It appears that only my Virtualmin Pro XEN VM is affected by this. There are no such errors on the other two VMs (which have much less work to do). Also, everything on the host appears to be working fine. The guest locking up is a Debian x64 with 6 cores assigned to it. The host system has a Xeon processor with 4 corse + HT.

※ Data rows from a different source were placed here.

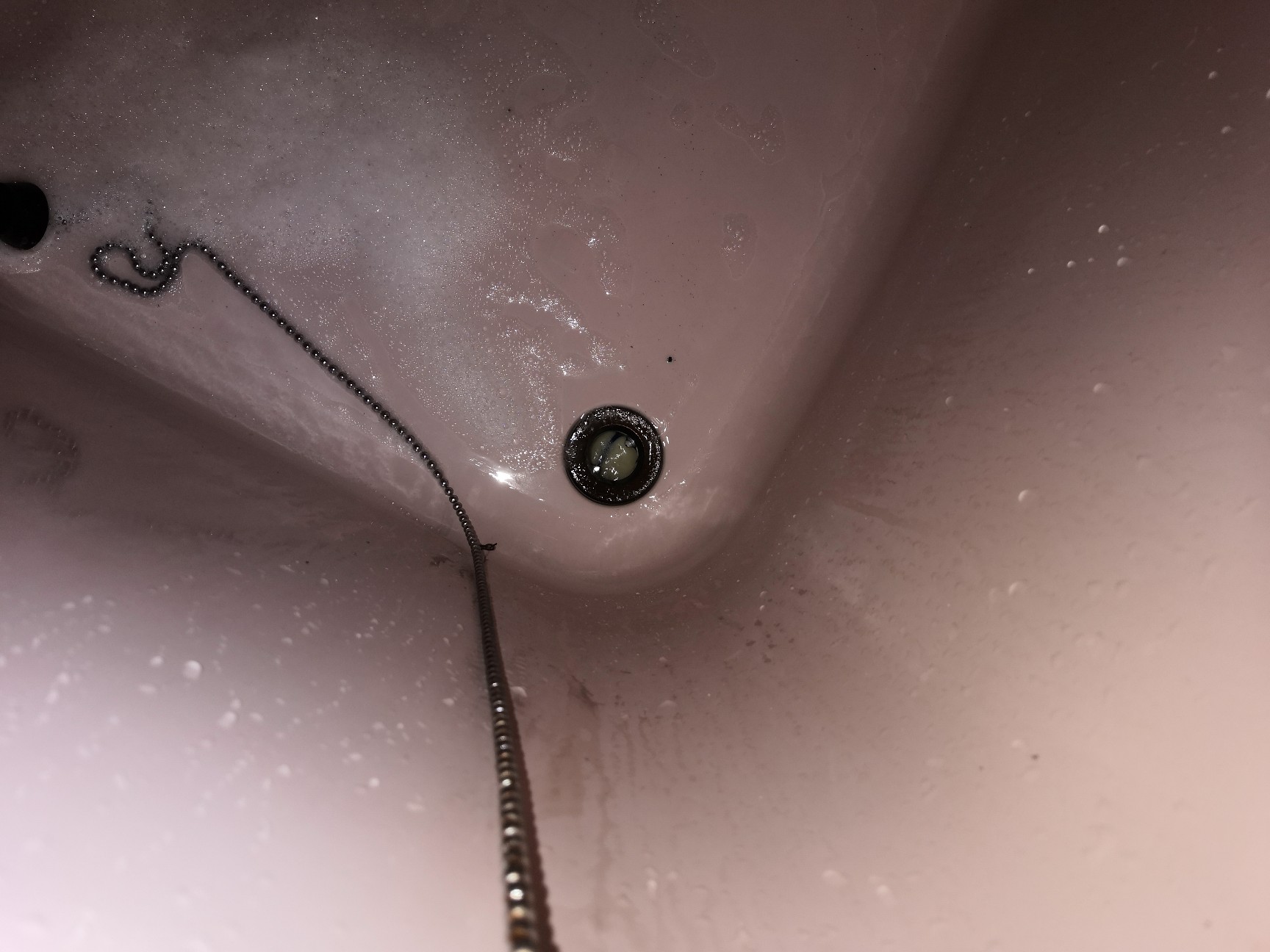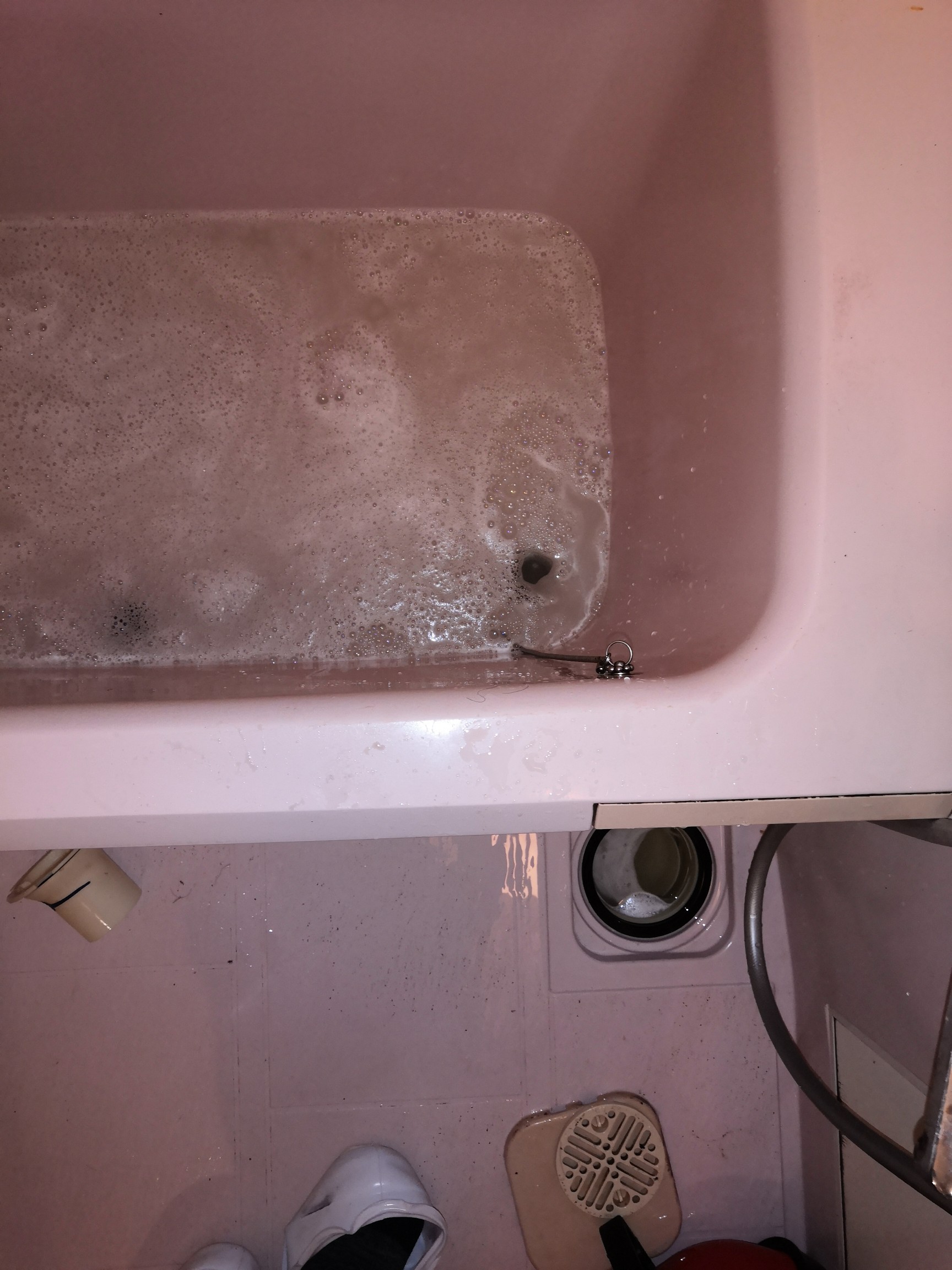 床下の排水管も確認しながら、他の水回りの排水を確認したところ、問題なく流れていて、浴室のみが詰まっている状態でした。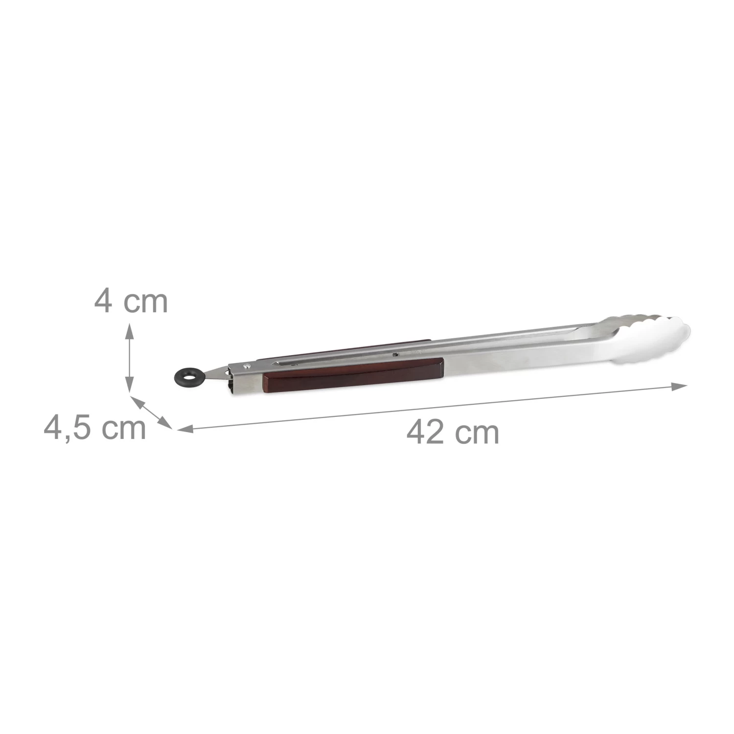 Die Grillsaison kann kommen! Mit der Küchenzange aus Edelstahl sind Sie bestens gerüstet, Steaks, Würstchen und Grillkäse wie ein Profi zu wenden und zu servieren. Die lange Grillzange sorgt für einen ausreichenden Sicherheitsabstand zwischen Ihnen und dem Rost und beugt so Verletzungen vor. Dank Holzaufsatz haben Sie die Zange fest im Griff. Die einfache Handhabung und der Zangenkopf mit runden Zähnen sorgen wiederum dafür, dass Sie Ihr Grillgut bestens im Griff haben.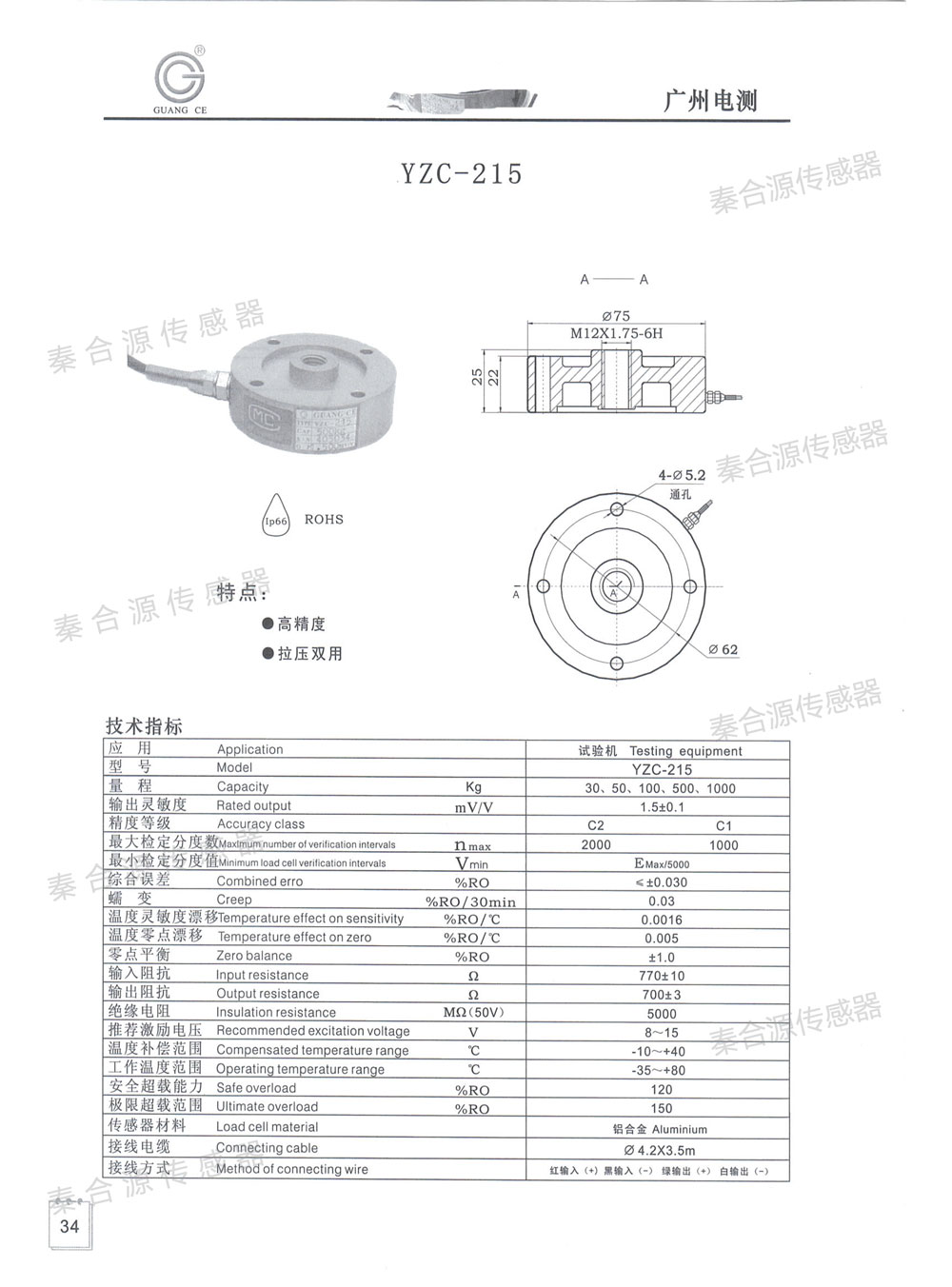 廣測輪輻式傳感器YZD-215(30-1000kg)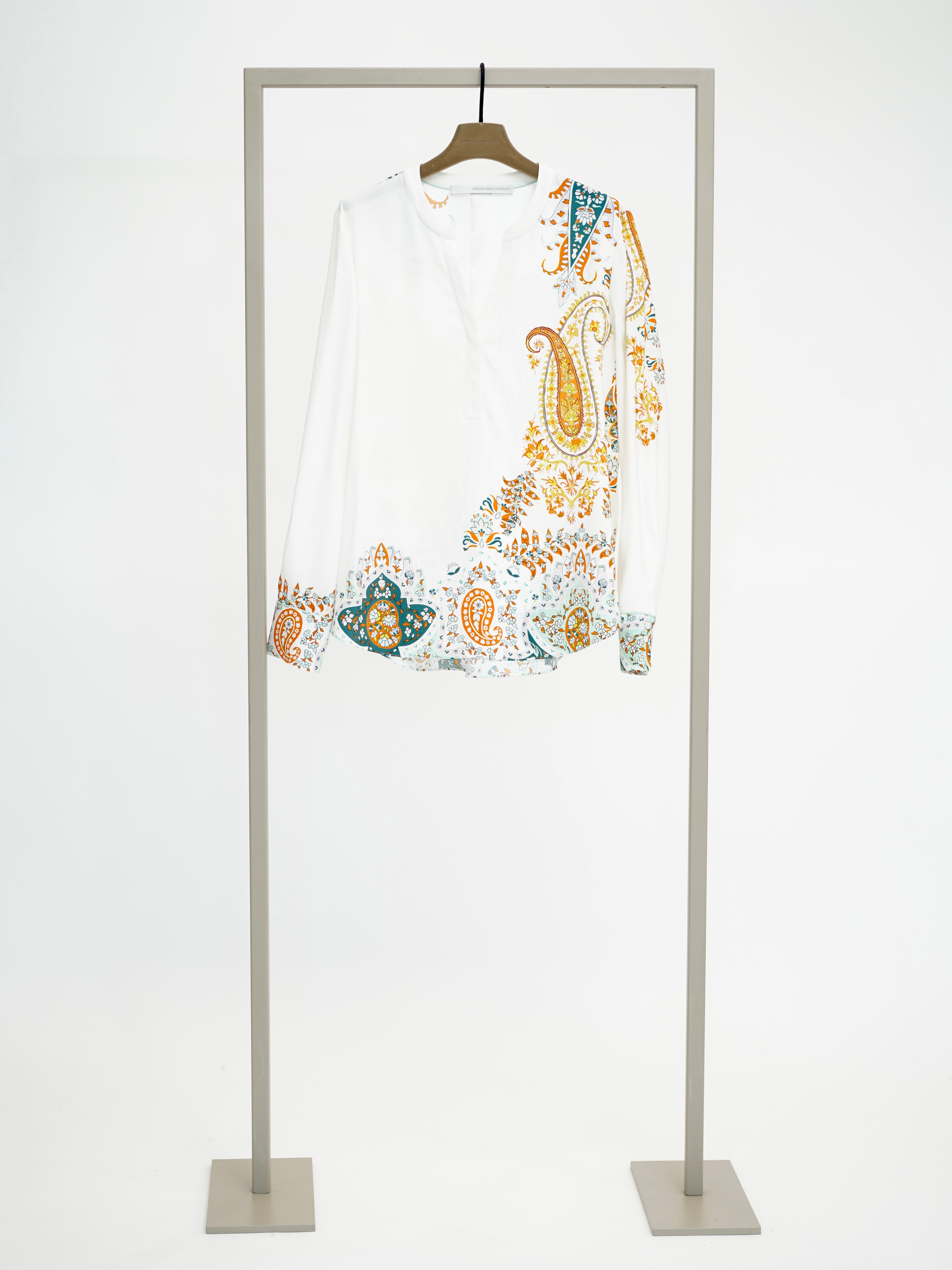 Blouse with tunic neckline and floral paisley print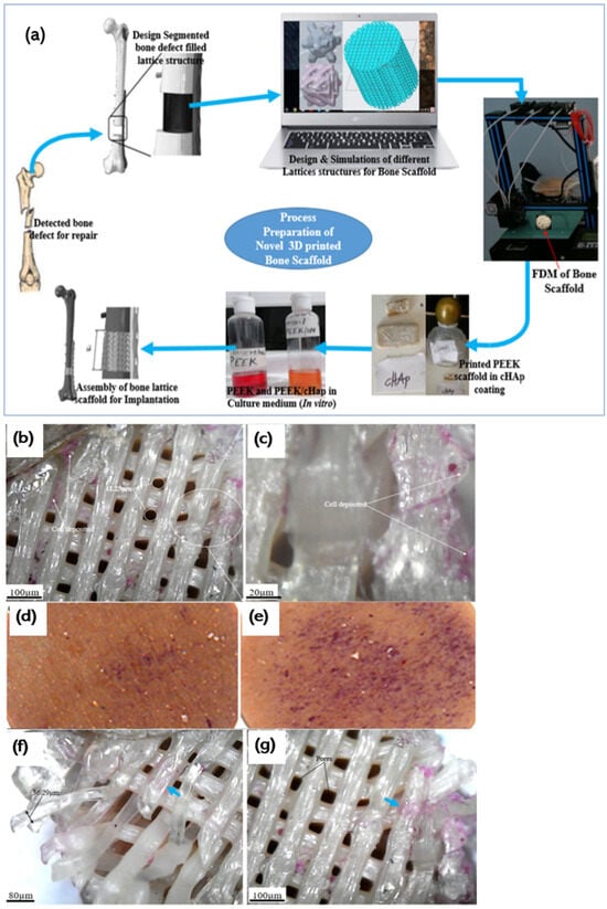 (a) Schematic of PEEK-based bone implant printed using FDM. (b–g) Cell attachment to the surface of the PEEK and PEEK and cHAp scaffold [137]. Copyright © 2020 with permission from Elsevier. (j) SEM micrographs of apatite layer development on the PEEK and PEEK composite surface after keeping them in a simulated body fluid for different days [143]. Copyright © 2021 with permission from Elsevier.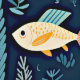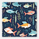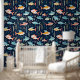 Papel Pintado Pescado azul y Naranja nadando en azul oscuro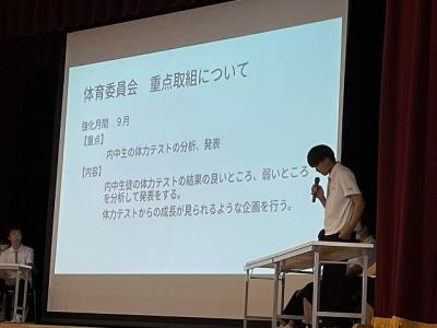 体育祭スローガンが決まりました。生徒会執行部から「全校生徒が団結して全力で取り組み、素晴らしい体育祭にしよう。」という呼びかけがありました。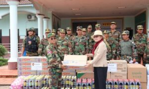 ភ្នំពេញ៖ បន្ទាប់ពីបានរៀបចំចម្អិនបាយសម្លដោយផ្ទាល់ ជាមួយយោធិននារី នៅព្រឹកថ្ងៃទី២ ខែតុលា ឆ្នាំ២០២៥នេះ លោកស្រី ចាយ ច័ន្ទរ៉ានី ភរិយាឧត្តមសេនីយ៍ទោ ហ៊ុល សំអុន មេបញ្ជាការកងពលតូចដឹកជញ្ជូនលេខ៩៩ បានអញ្ជើញចុះទៅផ្ទាល់ ទៅកាន់សមរភូមិមុខជាលើកទី៧ ដើម្បីចែកជូនបាយសម្លរចំនួន១៥០០កញ្ចប់ និងគ្រឿងឧបភោគបរិភោគមួយចំនួនជូនដល់ កងពលតូចអន្តរាគមន៍លេខ៨, កងពលតូចអន្តរគមន៍លេខ១២៨, បញ្ជាការដ្ឋានទ័ពពិសេស, កងកាំភ្លើងធំ, បញ្ជាការដ្ឋានកងទ័ពជើងទឹក...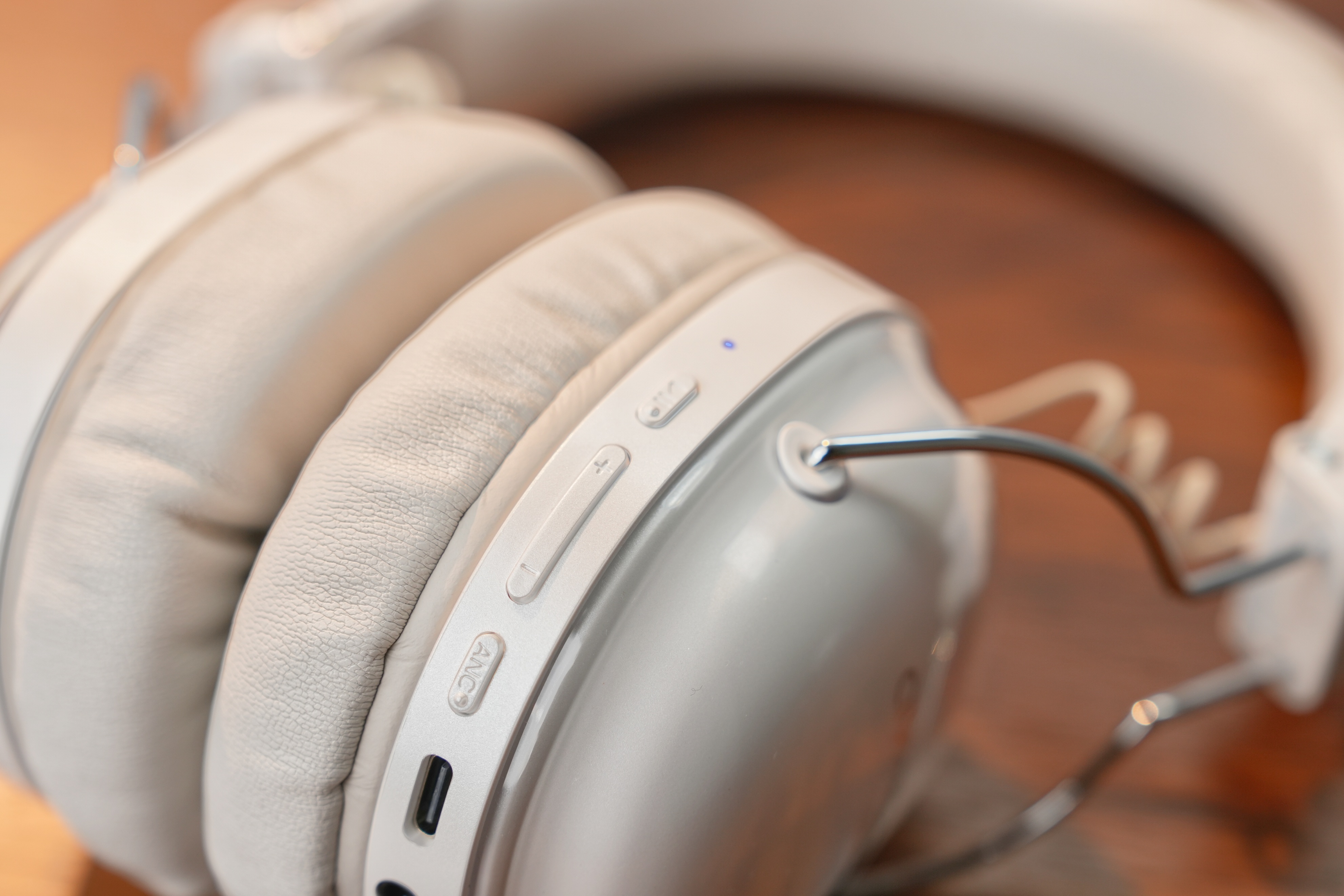 当我初见瓷音未来Mars Max头戴式降噪耳机后,其月牙白色的机身搭配高透光亚克力外壳,在光线的折射下散发出珍珠漆特有的温润光泽,从而简约中透出高级感。加之,头梁采用超轻铝合金框架设计,外嵌式可调节支臂不仅稳固,而且旋转时阻尼感恰到好处,同时折叠收纳后体积小巧。因此,通勤中时塞进背包里可谓是毫无压力。

odd, my previous post seems empty, but when i click edit on it i can see what i wrote. can you see the message? anyhoo, in short: in the domU affected by lockups (sporadic very high load) i had messages in kern.log about the CPUs locking up for 61s and the clocksource going backwards. i now followed workaround 1 from http://wiki.debian.org/Xen#A.27clocksource.2BAC8-0.3ATimewentbackwards.27 and hope that the problem will go away...

did not help

top - 12:11:08 up 11:20,  2 users,  load average: 86.39, 63.43, 31.50
Tasks: 594 total,   1 running, 593 sleeping,   0 stopped,   0 zombie
Cpu(s):  0.4%us,  0.3%sy,  0.0%ni, 66.7%id, 32.6%wa,  0.0%hi,  0.0%si,  0.1%st
Mem:   2621656k total,  2597228k used,    24428k free,     1752k buffers
Swap:  8388600k total,  2459132k used,  5929468k free,   470856k cached

vm is so slow it is barely useable

top - 12:14:10 up 11:23,  2 users,  load average: 123.23, 87.39, 46.30
Tasks: 686 total,   1 running, 675 sleeping,   0 stopped,  10 zombie
Cpu(s):  0.4%us,  0.3%sy,  0.0%ni,  0.0%id, 95.8%wa,  0.0%hi,  0.0%si,  3.4%st
Mem:   2621656k total,  2599068k used,    22588k free,     2064k buffers
Swap:  8388600k total,  2929420k used,  5459180k free,   412108k cached

i'm getting desperate, i can't afford to kill the vm several times a day :(

If you like, I could login to the VM myself and see what is using up so much IO time.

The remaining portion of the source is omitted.